Regional anesthesia has a proven track record for safety and quality pain control in extremity surgery, and is currently considered a standard of care, as is general anesthesia. A recent study has shed light on the phenomena of rebound pain associated with the resolution of regional anesthesia in the extremity [10]. Currently, surgeons do not know how best to counsel patients on the benefits of regional anesthesia versus general anesthesia for distal radius fracture fixation as the effects of rebound pain and immediate postoperative pain are not well documented for this surgical treatment [8]. Postoperative pain after orthopaedic surgery has been shown to be associated with greater than pain with other types of surgery, and because of this, research has been done to improve the patient’s postoperative experience [6]. The use of regional anesthesia is well established, but for surgery distal to the elbow no data are available to compare the efficacy of a peripheral nerve block with general anesthesia. The purpose of our prospective randomized study was to compare brachial plexus blockade and general anesthesia for postoperative pain control after open reduction and internal fixation of distal radius fractures.

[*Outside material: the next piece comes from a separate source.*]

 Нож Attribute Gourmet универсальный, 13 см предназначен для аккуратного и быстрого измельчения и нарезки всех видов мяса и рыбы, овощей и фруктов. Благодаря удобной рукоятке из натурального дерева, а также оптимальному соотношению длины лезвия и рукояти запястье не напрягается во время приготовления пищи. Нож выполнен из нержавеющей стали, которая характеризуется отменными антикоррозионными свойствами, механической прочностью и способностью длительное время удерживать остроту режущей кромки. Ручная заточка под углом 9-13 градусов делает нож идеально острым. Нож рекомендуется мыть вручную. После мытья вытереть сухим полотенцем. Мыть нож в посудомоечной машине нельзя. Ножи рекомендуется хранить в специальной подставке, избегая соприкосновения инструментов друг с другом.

To the best of our knowledge, this is the first randomized trial comparing these modalities after operative fixation of distal radius fractures.

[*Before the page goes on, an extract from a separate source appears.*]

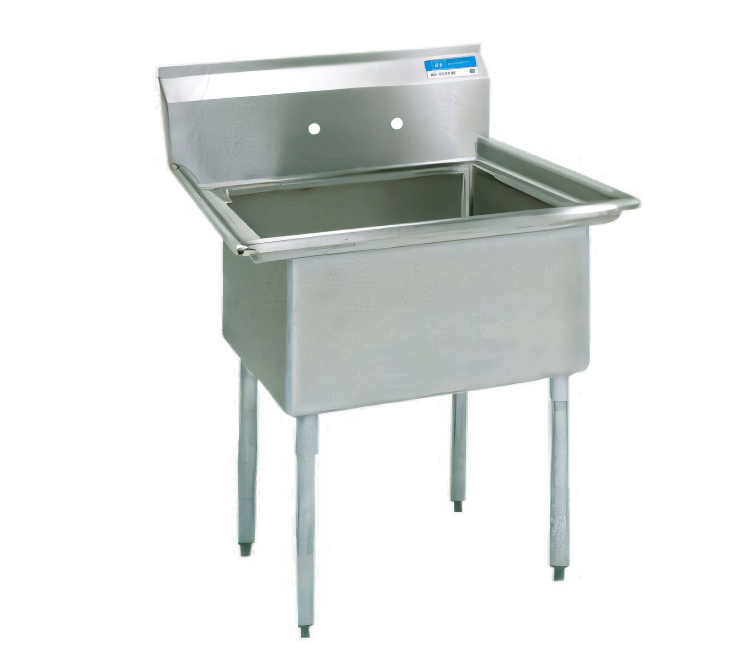 Sink, one compartment, 23"W x 29-13/16"D x 43-3/4"H overall size, 18" wide x 24" front-to-back x 14" deep compartment, 9"H backsplash, 8" OC splash mount faucet holes, 1-1/2" rolled edges on front & sides, 18/304 stainless steel deck & bowl, galvanized steel legs, adjustable high impact corrosion resistant feet, NSF

This study has some limitations including the lack of some data at every time (owing to difficulty with obtaining telephone followups with patients at various times), although we had 89% or better data followup rates at each postoperative assessment of pain and narcotic use. Another limitation of our study was the challenge of blinding the surgeon, anesthesiologist, or patient. Although this would tend to favor the brachial plexus block arm of our study, this did not occur in our study. The study also was limited in that there was no standardization of postoperative adjuvant pain medications, the management of which ultimately was dictated by collaborative efforts between nursing staff in the PACU and the patient’s subjective reports. This however proved inconsequential as patients in the general anesthesia group still had more pain immediately postoperatively as expected.

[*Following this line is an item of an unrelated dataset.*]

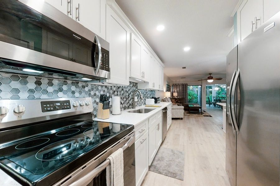 Welcome to your secluded escapade! Spacious main living areas feature tile flooring, a wet bar, and an enclosed sunroom. The bright kitchen has a custom backsplash and opens to the quaintly decorated courtyard. The primary suite has a private bath and spacious closets. The guest bedroom also has a sliding glass door and has access to the customized guest bath. Located just steps from the beach, shopping and dining, it is perfect for a vacation on Amelia Island. Things to Know Dog-friendly No access to the pool from Lagoon Villas.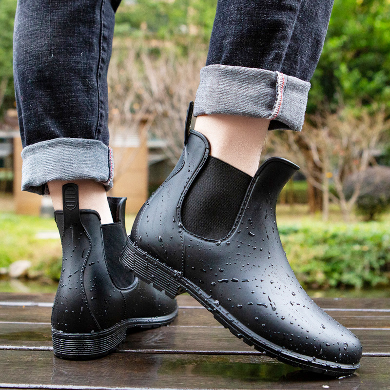 Rain Protection Shoes Men's Fashion Low Anti Slip Water Shoes Rain Boots Short Silo Rubber Shoes Chelsea Waterproof Shoes Men's Spring Summer Cover Shoes Men

General anesthesia is associated with greater immediate postoperative pain, whereas brachial plexus blockade is associated with delayed rebound pain. We found that while initial pain control in the PACU (measured 2 hours postoperatively) was better with a brachial plexus blockade, this group experienced a nonlinear increase in pain during the perioperative period which was greatest at 12 to 24 hours postoperatively. In contrast to the findings of patients who received general anesthesia, patients who received a brachial plexus blockade which when coupled with increased fentanyl or morphine use in the PACU (increased use compared with the brachial plexus blockade group), these patients were provided with a steady linear downward trend in postoperative pain. This is consistent with other studies comparing single-injection nerve blocks and general anesthesia for other orthopaedic surgeries [10, 23]. This finding is important for the understanding, management, and counseling of patients regarding perioperative pain expectations and control. Patients should be counseled to anticipate pain 12 to 24 hours after their regional anesthesia wears off that may be severe if not modulated with oral analgesics before the onset of the pain. The reason for reversal in pain levels may be related to the phenomenon of “rebound pain,” a poorly described entity that is commonly defined as a dramatic increase in pain once single-injection regional anesthesia has dissipated [18, 20]. Different regions of the body have been shown to experience rebound pain after regional anesthesia at different times, modulated by increasing the length of analgesic efficacy [23]. In a retrospective study of patients receiving a femoral nerve block with a perineural catheter for ACL reconstruction, rebound pain was a common phenomenon as seen by increases in VAS scores once the analgesic stopped working, but was attenuated by longer-duration analgesia at a minimum of 33 hours [23]. In a prospective study of patients undergoing shoulder arthroscopy, rebound pain occurred 1 to 2 days postoperatively after interscalene block [20]. Goldstein et al. [10], described a similar phenomenon related to ankle fracture fixation and popliteal blocks with an acute increase in pain at approximately 24 hours postoperatively.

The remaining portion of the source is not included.